Why should we care how long bacteria can swim without energy, or why you can run but not walk through muddy water? The answers to these questions reveal two basic biophysical processes. One is known as Reynolds number (a dimensionless number, the ratio of inertial/viscous force). In a highly viscous environment, mass is irrelevant, and upon loss of energy a bacterium will drift less than the width of a hydrogen atom. Second, non-Newtonian liquids such as muddy water exhibit properties of solids or liquids, depending on the frequency of sampling. The world without gravity (Figure 1, low Reynolds number [1]) is much more representative of life in a cell than our intuition leads. In fact, our intuition fails miserably when we scale down to cellular dimensions. Our world is dominated by inertia — air is our viscosity. The state of constant motion exhibited by all molecules (k_BT = 4.1 pN nm) is completely foreign as we consider our macroscopic world. It is critical that we entrain our intuition with the conditions and experiences encountered by those molecules we yearn to understand. The challenge for ‘biologists’ is to distrust our instincts, learn a new language, and embrace a world in which there is no gravity, everything is in constant motion and it is thick as molasses. Welcome to the world of the cell.

Figure 1. Reynolds numbers.

Reprinted with permission from Purcell E.M., Am. J. Phys. 45, 3–11 (1977). Copyright 1977, American Association of Physics Teachers.
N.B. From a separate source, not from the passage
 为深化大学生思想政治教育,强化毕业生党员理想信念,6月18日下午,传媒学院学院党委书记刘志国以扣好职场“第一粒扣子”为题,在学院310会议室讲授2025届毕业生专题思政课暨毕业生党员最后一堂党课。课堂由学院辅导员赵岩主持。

We turn to the providence of biophysics to provide a basic understanding of the world inside the cell. Let’s start with a very simple relationship ΔG = ΔH – TΔS (Gibbs free energy = Enthalpy – (Temp*Entropy)). In living cells temperature is constant (homeostasis). Thus, we need to look at the Gibbs free energy relation and ask where the sources of energy are. For living matter, the energy source is in enthalpy (ΔH) and the number of conformational states (ΔS). While insights from structural biology cannot be overstated, the number of conformational states and their contribution to biological processes is even more sobering. There are several simple essays that peer into the world of the cell. One is “Life at low Reynolds number” by E.M. Purcell [1]. Purcell describes life in a world dominated by viscosity (Figure 1). In this world, there is no coasting, nuts do not fall off bolts when unscrewed, and walls are not needed to confine biochemical reactions. Second, “There’s plenty of room at the bottom” by R. Feynman [2], in which he explains why combustion engines don’t work at small scales (heat is dissipated very quickly) and how much room there is at the molecular level. If you take the ‘air’ out of the atoms in our body, the remaining mass would fit on the head of a pin (The Tao of Physics, F. Capra [3]). It’s easy to appreciate how our intuition fails in these situations — the challenge is to gain intuition that will guide our quest to understand the mysteries of life.
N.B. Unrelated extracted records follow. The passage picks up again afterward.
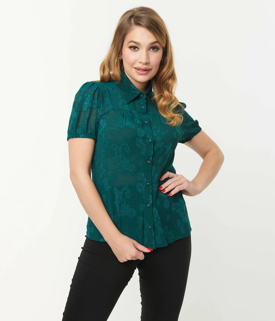 Cheapest 🎉 Unique Vintage Teal Burnout Floral Caroline Blouse ⭐
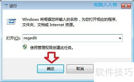 5、 按下菜单中的,输入 regedit 后回车,即可启动注册表编辑器。
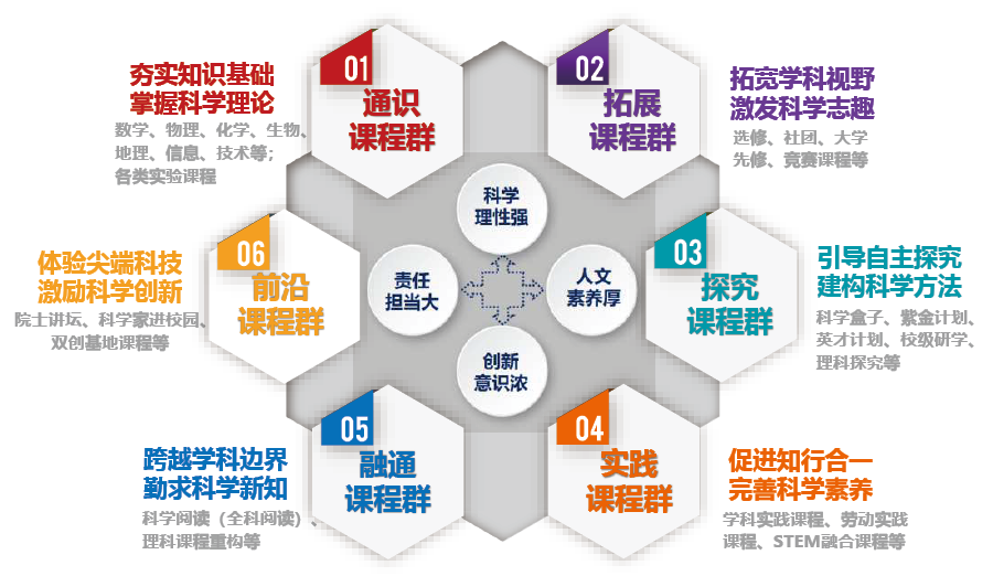 科學教育六大課程群相輔相成,形成“基礎普及-興趣激發-特長發展-創新突破”的進階鏈條,注重培育全體學生的科學觀念、科學思維、探究實踐、態度責任等核心素養,為拔尖創新人才的科學識別和持續發展提供多樣化、可選擇的課程支持。

For a cell biologist, there is not one book that provides the biophysics underlying problems as diverse as the cytoskeleton, chromatin, protein sorting, signaling or nuclear organization (to name a few). Biophysics requires applied math, material science and engineering, physics, polymers, chemistry and biology. There are language and conceptual issues, including diffraction and quantum theory. The tools to tackle complex biological problems such as DNA sequencing, mass spectrometry, and sub-resolution light microscopy generate enormous data sets that bring quantitative and statistical challenges in analysis. In teaching transcription, we now include a discussion of noise and how noise can amplify signals in non-linear processes. In teaching chromosome segregation, we find papers that consider polymer repulsion and the number of entropic states. We are in a brave new world that demands a new intuition.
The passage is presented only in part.